WVC police review board urges more officer training
West Valley City • The police review board in Utah's second largest city is recommending more training for officers on the proper way to handle evidence and an outreach effort to get more residents to attend its meetings.
In addition, the Professional Standards Review Board (PSRB) wants each police car equipped with a hobble strap, which is a lightweight belt used to restrain a prisoner's legs or arms.
"Hobble straps are an alternative to other means of force, such as pepper spray or taser deployment, that are more uncomfortable and more difficult to deploy," the PSRB says in its 2013 annual report, which was presented Tuesday to the West Valley City Council at its study meeting.

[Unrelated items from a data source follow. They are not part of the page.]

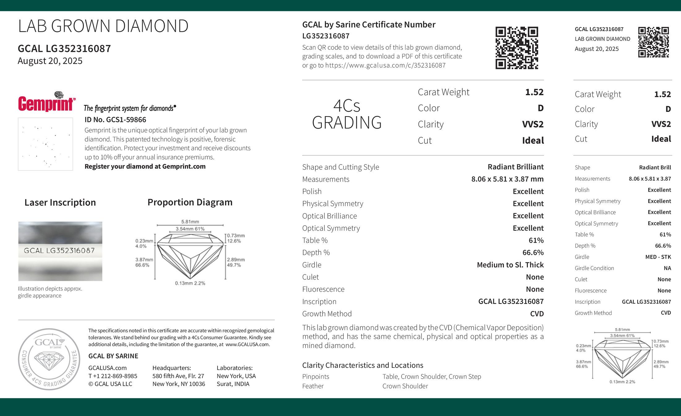 Radiant Brilliant 1.52ct, D, VVS2, Ideal
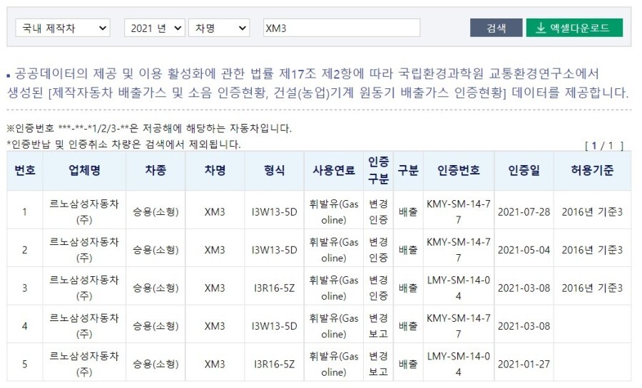 공식 출시가 되지 않은 상황이지만 르노삼성 사장님이 언급을 했기 때문에 혹시나 배출 가스 인증을 받고 있지 않을까?
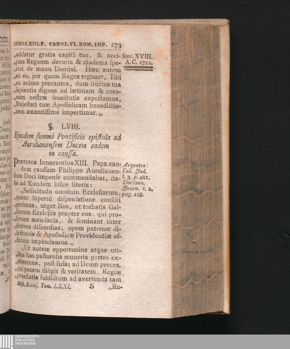 Continuationis Tomus Quadragesimus Septimus, Seu In Ordine Tomus LXXI. (1783) Ab anno Christi 1721. usque ad annum 1724
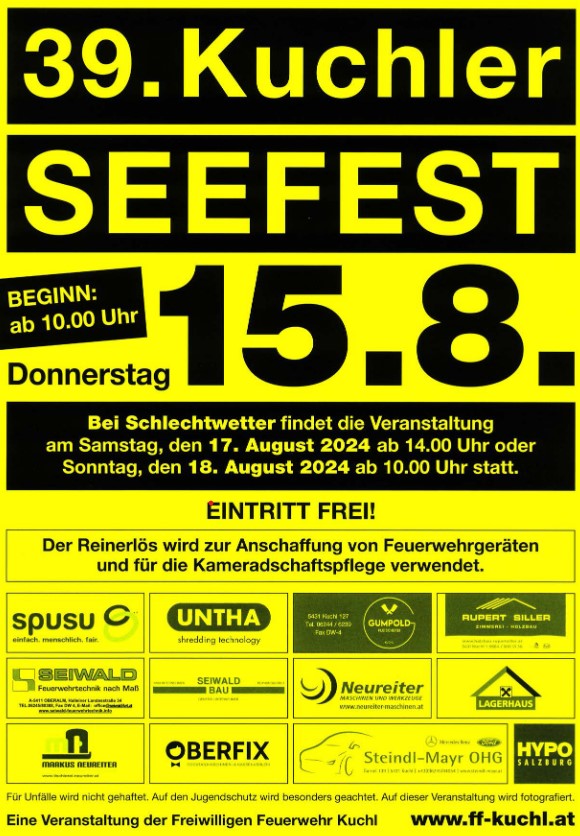 Am Donnerstag, den 15. August 2024 findet das diesjährige Seefest der Feuerwehr Kuchl statt. Beginn: 10:00 Uhr - freier Eintritt!

The recommendations come in the wake of months of controversy surrounding the West Valley City Police Department that stems from the dismissal of dozens of drug cases because of evidence-handling problems by the now-disbanded Neighborhood Narcotics Unit. The department also has been under intense criticism because of the fatal shooting of Danielle Willard during an alleged drug bust in 2012 and its handling of the investigation into the 2009 disappearance of West Valley mother Susan Powell.
In its report, the PSRB notes attendees can make comments and voice concerns about policing issues at its monthly meetings.
"We encourage the City Council and City staff to reach out to citizens and invite them to participate in our public meetings," the report says.
The report results from one of the changes contained in an ordinance enacted last year by the council, which wanted better police oversight. Under the ordinance, the board now issues quarterly and annual reports on its operations; citizens can attend PSRB meetings; the police no longer have a role in appointing the body's members; and all seven members are civilians.
The summary of last year's board activities includes the review of 96 allegations against officers and the sustaining of 20 of those complaints. Two of the sustained allegations claimed officers had behaved rudely, one concerned the incomplete documentation of a sex-offender registration and 17 were improprieties uncovered during the investigation of the narcotics unit, according to the report.
The report says the board was pleased to learn that the city's legal department had conducted department-wide training in August that addressed chain-of-custody issues and preservation of evidence and suggested that additional training be scheduled in 2014.
PSRB Chairman Dean Trump said failure to follow proper procedures had led to many of the sustained allegations.
"We recommend that there be classes taught to all of our police force on handling evidence," he told council members.
Other 2013 PSRB activities included the review of 970 uses of force such as firearm and taser displays, physical restraints and K-9 deployment.
The board found one incident, the deployment of a taser during a confrontation on a rooftop, was "out of policy." The force was not excessive, the PSRB said, but "the particular means used was not optimal for the context on a rooftop."
And the report says there were 72 pursuits during 2013, all of them "in policy."
In the Willard shooting, Salt Lake County District Attorney Sim Gill announced Aug. 8 that the use of deadly force against the unarmed woman was not justified. His office is screening possible criminal charges against the two detectives involved in the shooting, who deny any wrongdoing.
One of the detectives, Shaun Cowley, was fired in September on allegations of mishandling evidence. The other, Kevin Salmon, remains on paid administrative leave.